Purpose: We aimed to investigate the objective cutoff values of unstimulated flow rates (UFR) and stimulated salivary flow rates (SFR) in patients with xerostomia and to present an optimal machine learning model with a classification and regression tree (CART) for all ages. Materials and Methods: A total of 829 patients with oral diseases were enrolled (591 females; mean age, 59.29±16.40 years; 8~95 years old), 199 patients with xerostomia and 630 patients without xerostomia. Salivary and clinical characteristics were collected and analyzed. Result: Patients with xerostomia had significantly lower levels of UFR (0.29±0.22 vs. 0.41±0.24 ml/min) and SFR (1.12±0.55 vs. 1.39±0.94 ml/min) (P<0.001), respectively, compared to those with non-xerostomia. The presence of xerostomia had a significantly negative correlation with UFR (r=-0.603, P=0.002) and SFR (r=-0.301, P=0.017).
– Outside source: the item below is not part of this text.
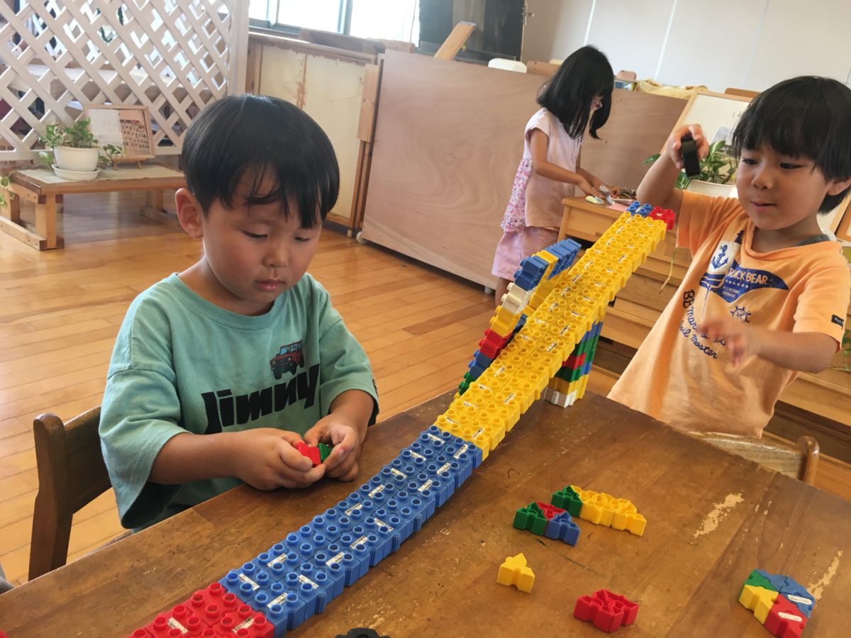 「これもっとたかくしたいなぁ~!!」とりんご組のお友だち。「2ばんめくらいにしてみるー?」とどの高さにしようかお友だちと相談中。「このたかさやってみたい!!」と今までの高さよりも高めにしてみました。「とんでみよー!」といざ跳んでみようとするとブレーキ!!「ちょっとこわいー!」と思ったよりも高かったようでした。しかし、そこはあきらめる様子はなくゆっくりまたいでみると「わーいやったできた!」と嬉しそうなりんご組さんでした。そしてお部屋では、「これやるー!」と掲示してあった実験に興味を示しためろん組さん。「かみをいろぬるんや。わたしはまーかーでやってみる!」「わたしはいろえんぴつだったらどうなるかやってみたい。」とそれぞれのアイテムを使って色を塗っていきました。そして、午後から子どもたちが塗ったものを水へつけてみると…「なんかじわじわとおみずがあがってきているきがする!」「ほんとやーぴんくがここまできた!わーきれい!」と少しずつ色づいていく紙の様子が面白かったようで子どもたちはくぎ付けな様子でした。そして、最後までいき水を紙から出すと「えー!なんか ぬったほうようよりも、ぬってなかったほうのがいろがこい!」「なんでなんで?ふしぎやん。おもしろい。」「みてー!おみずもさ、いろがついたけど、いっしょのようにぬったのに、ひだりのみずのがいろがこいね。」と1つの実験からもいろんな不思議が発見できたようでした。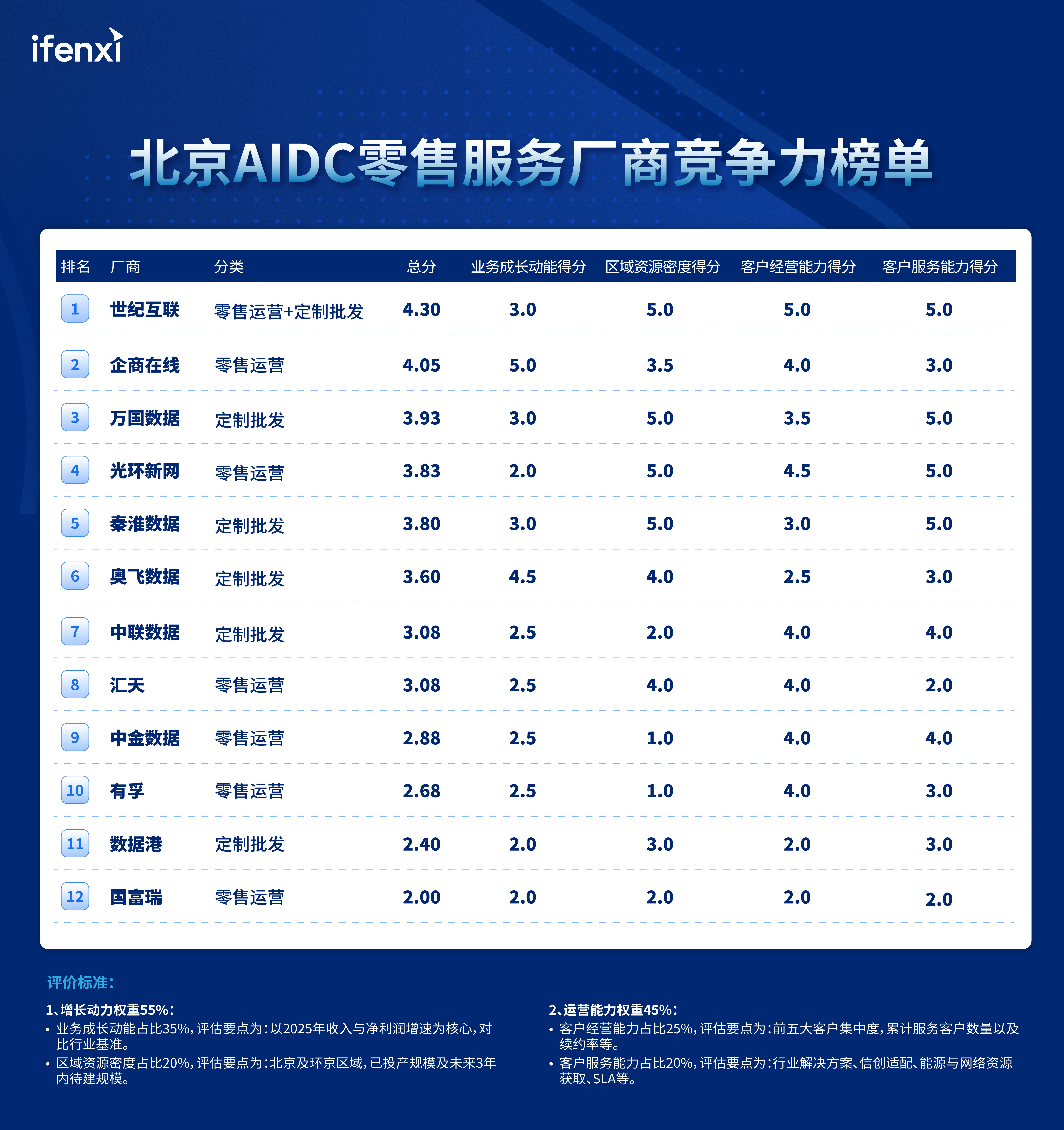 增长动力整体权重设定为55%,这反映了当前北京AIDC零售市场仍处于资源占位与快速扩张并重的阶段。其中,业务成长动能占比35%,旨在给予那些在2025年AI浪潮中实现业绩突围的厂商更高的认可;区域资源密度占比20%,则强调了物理资源的不可替代性。

In the diagnosis of xerostomia based on the CART algorithm, the presence of stomatitis, candidiasis, halitosis, psychiatric disorder, and hyperlipidemia were significant predictors for xerostomia, and the cutoff ranges for xerostomia for UFR and SFR were 0.03~0.18 ml/min and 0.85~1.6 ml/min, respectively. Conclusion: Xerostomia was correlated with decreases in UFR and SFR, and their cutoff values varied depending on the patient's underlying oral and systemic conditions.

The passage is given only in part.